Provided data:

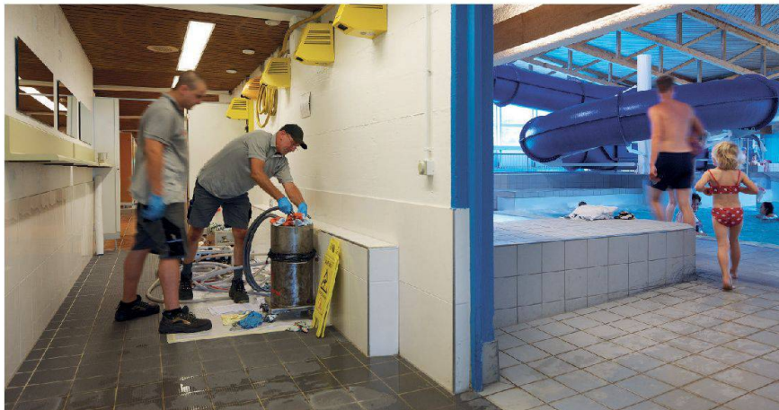
Rohrinnensanierung mit HAT-System: Keine Baustelle. Kein Aufreissen. Kein Bauschutt. Kein Lärm. Also auch keine Betriebsunterbrechungen.

Teure Komplettsanierungen lassen sich umgehen, wenn rechtzeitig eine Zustands- und Machbarkeitsanalyse durchgeführt wird. Eine Analyse des Heizwassers, beispielsweise, liefert mit Hilfe eines mobilen Labors bereits zuverlässige Parameter vor Ort. Mit dem Einsatz einer Wärmebildkamera
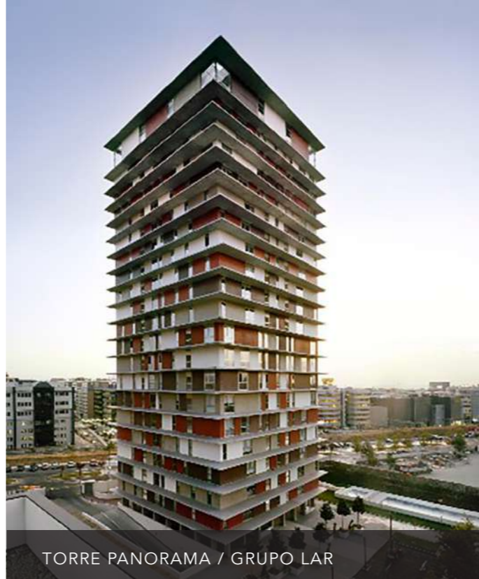
TORRE PANORAMA / GRUPO LAR

EDDEA is a leading Spanish firm practicing Strategic Urban Design and Planning, Architecture, Construction and Project Management. We find our way throughout Design, Technics and Business. We work to create the conditions for a new dialog between Society, Nature and Economy, through a holistic development targeting strategy.

To do:
Would you return all of the data above word for word, omitting every picture?

Output:
Rohrinnensanierung mit HAT-System: Keine Baustelle. Kein Aufreissen. Kein Bauschutt. Kein Lärm. Also auch keine Betriebsunterbrechungen.

Teure Komplettsanierungen lassen sich umgehen, wenn rechtzeitig eine Zustands- und Machbarkeitsanalyse durchgeführt wird. Eine Analyse des Heizwassers, beispielsweise, liefert mit Hilfe eines mobilen Labors bereits zuverlässige Parameter vor Ort. Mit dem Einsatz einer Wärmebildkamera
TORRE PANORAMA / GRUPO LAR

EDDEA is a leading Spanish firm practicing Strategic Urban Design and Planning, Architecture, Construction and Project Management. We find our way throughout Design, Technics and Business. We work to create the conditions for a new dialog between Society, Nature and Economy, through a holistic development targeting strategy.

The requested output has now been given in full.